Despite more aggressive enforcement in the last year by the United States and Mexico, hundreds of thousands of Hondurans, Guatemalans, and Salvadorans continue to flee.
The surge coincides with heightened corruption and gang violence in the Northern Triangle countries of Guatemala, Honduras and El Salvador, where 2015 murder totals exceeded death tolls in all the world’s war zones except Syria, Iraq and Afghanistan. Gangs in all three Central American countries control entire neighborhoods.

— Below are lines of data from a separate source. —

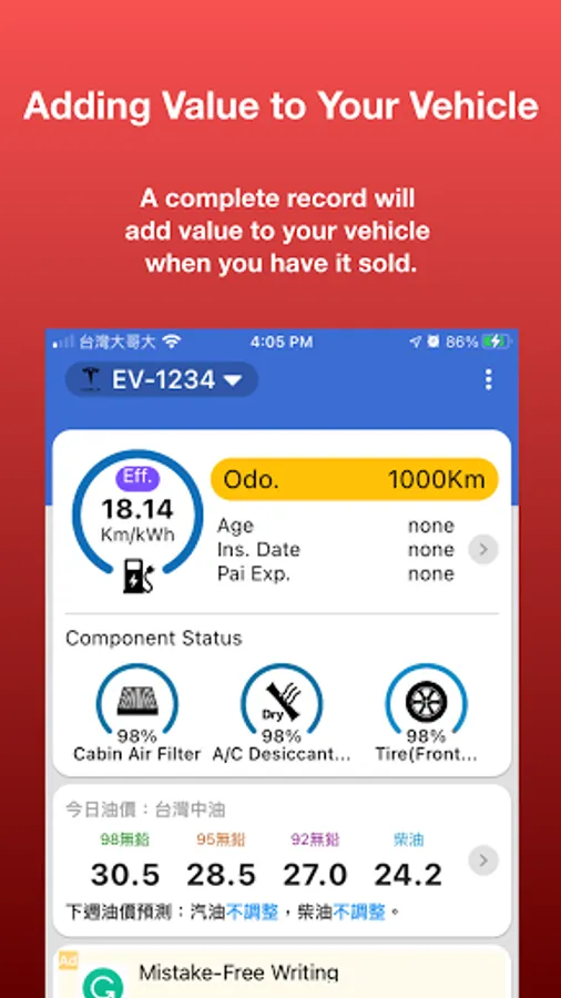 Fuel economy, maintenance, fueling, and expenses can be recorded through the webpage (http://iknow99.com) and the cell phone; as the cell phone gets connected to the internet, the data will be synchronized automatically to spare users the trouble of backup.
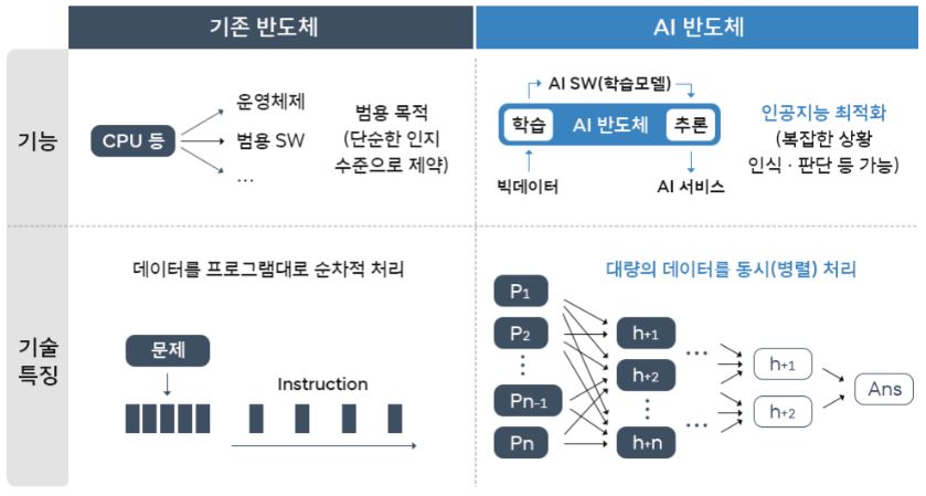 <AI 반도체와 기존 반도체 비교>
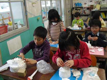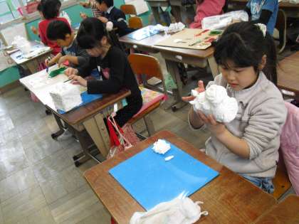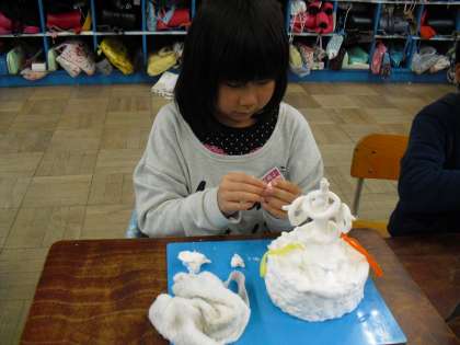 今日の図工は「ケーキやさん」です。身近な容器や材料を活用して紙粘土の使い方を工夫しながら,食べたくなるようなおいしいケーキをつくりました。どのケーキもとってもおいしそうです。
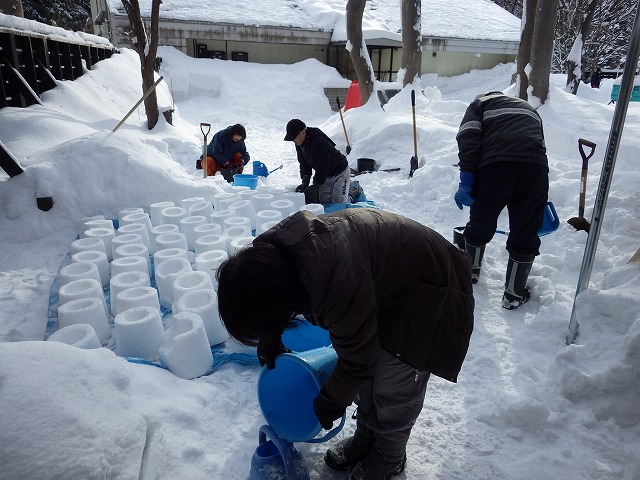 今朝は朝からスタッフ、ボランティアさんみんなで会場やスノーキャンドルを作っています。
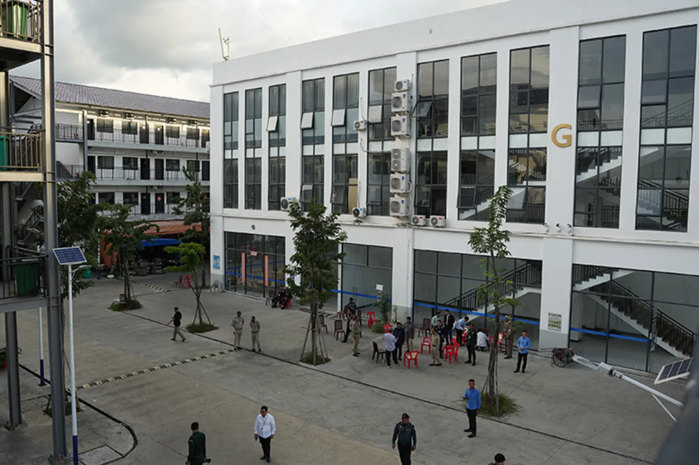 靠岸后,另一辆车已在等候。夜色中,车辆穿过一片灯火密集区域,高墙、铁门、监控摄像头接连出现,入口处站着持枪保安。这里就是诈骗园区。
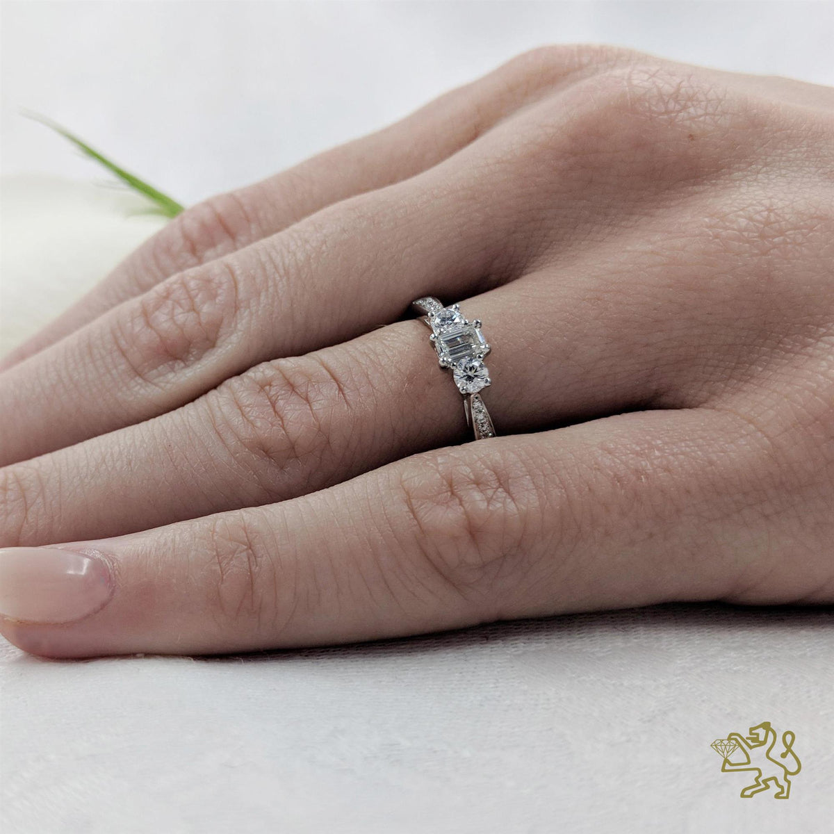 Platinum Three Stone Micro-set diamond shoulders combined with three matching stones perfectly blend the grandeur and brilliance of diamonds to create a wonderfully unique ring.

They extort businesses and recruit impoverished and vulnerable youth as young as seven with join-or-die policies that terrorize families and often keep children from going to school.
Pope Francis has made concern for migrants and refugees a centerpiece of his papacy. He is calling on people to turn away from an attitude of indifference toward people desperate to flee poverty and persecution.
Nobody understands the “culture of indifference” better than Pablo.
“Everybody takes advantage of us,” he told Catholic Relief Services in mid-January. He was in San Salvador, just weeks before he would embark on a second attempt to enter the United States. “It’s all a business and everyone benefits from us to some degree, from the smuggler to the police. It’s very hard.”
As he sees it, he never had a choice. A neighborhood clique of the notorious 18th Street Gang had its eye on the soft spoken son of a known police officer. Gangsters would pounce on him as he made his way to work, taunting him about his father and demanding that he join their ranks. When he refused, they threatened his family.
“To see someone tattooed, high and aggressive like that—and he tells you he is going to do something—you get scared,” Pablo says.
It was no idle threat. Some 64 police were murdered in El Salvador in 2015—more than any year on record. The number had been going down since 2012, when a truce between the gangs cut the country’s murder rate nearly in half, sparking hope that the country might finally see peace. But the truce collapsed after 15 months, and violence has again skyrocketed, as police and gangs battle it out. Last year, at least 6,600 people were killed in El Salvador. It was the most violent year since the height of the country’s civil war.
Pablo’s father finally reached out to his brother in Washington, D.C., for help. The uncle agreed to lend the family $4,000 for a deposit a smuggler required to take Pablo to the U.S. border. They would pay the other half of the $8,000 fee once he made it across.
The month it took to get through Mexico was a blur of bus trips interrupted by long walks through the hills to avoid immigration checkpoints. The police could get violent—Pablo saw an officer pistol whip a man for not having money to pay a bribe.
Outside of Reynosa, Mexico, an industrial city 10 miles from Brownsville, Texas, the trip took a particularly bad turn. That’s where the group of migrants Pablo was traveling with were taken by gunmen from the Gulf Cartel.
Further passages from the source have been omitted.